Both these technologies have much potential for good, but that they are being exploited for evil. Images, sound and videos fake, the famous ‘deepfakes’begin to flood the social networks, and the most serious problem we face now is that these are more difficult to detect than we thinkwhile the techniques used do not stop to move forward.
When it is difficult to detect more than 80% of the videos manipulated
In Engadget we speak with Andres Torrubiaco-founder and CEO of Fixr.is, known on Twitter as @antor, where it constantly publishes resources on a topic that you are passionate about: the artificial intelligencethe machine learning and deep learning.

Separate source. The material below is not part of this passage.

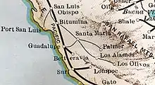 The first 3.26 miles (5.25 km) of track, from the Southern Pacific connection at Guadalupe to Betteravia Junction, was actually built by the SP in August 1899 to get to a sugar mill. The SP leased the track to the SMV years later. From Betteravia the SMV built to Santa Maria and on to Roadamite. The SMV also had branches running from Stowell to Air Base, Suey to Rosemary Farms and Rex to Gates.
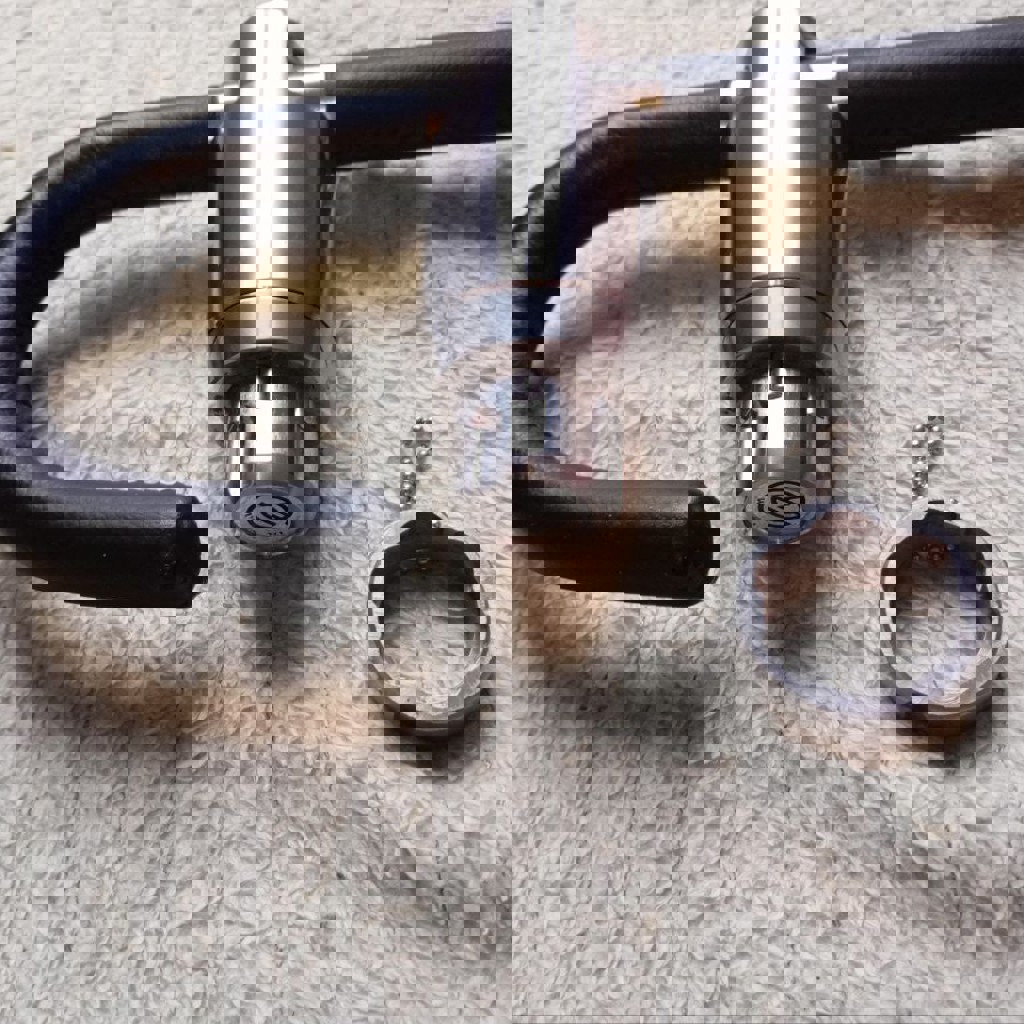 Не требует дополнительного монтажа. Удобно ставить и снимать. Уникальный ключ. Нержавеющая сталь 20х13, 40х13. Обтянут итальянской кожей. Очень тяжёлый.

Andres, who has come to contest the most important competitions worldwide on AI with teams pointers from China and the united States, said recently from his account that a few days ago I had completed one of the largest competitions of the world to detect deepfakes: Kaggleand the results leave us a thoughts of concern.

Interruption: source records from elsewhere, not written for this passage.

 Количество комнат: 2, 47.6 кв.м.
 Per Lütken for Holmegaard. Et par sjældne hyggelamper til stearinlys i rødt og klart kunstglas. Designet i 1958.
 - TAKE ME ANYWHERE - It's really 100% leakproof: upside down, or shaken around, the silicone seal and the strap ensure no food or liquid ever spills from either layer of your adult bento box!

Few days ago ended in @kaggle one of the competitions with the biggest prizes of 1 million $ in total, the problem: the detection of DEEP FAKES (ultrafalsos in Spanish).
I tell you my thoughts 👇 pic.twitter.com/kh7JrsUl8Y
— Andres Torrubia (@antor) April 7, 2020
In your thread Andres explains that the best scores of the experts who participated in this competition to detect deepfakes have a hit rate of around 80%that may sound high, but we’re talking about videos are fake, they are virtually impossible to distinguish from a real one for any average person.
This also collides with detection rates of deepfakes in the majority of academic articles publishedhovering around up to 99%. The reason for this: the set of data used.
“In the machine learning and deep learning there is a key word that is to generalize. To generalize is that the system that you’ve trained with the data set that you use to train (training set) then it has to work equally well with real data (in this case deepfakes that you find there).
In many academic articles the set of data used to test detection systems deepfakes is very similar to that used for training, and that’s why you see hit rates sky-high; but this does not occurs then in reality; among other things because the systems to generate deepfakes evolve.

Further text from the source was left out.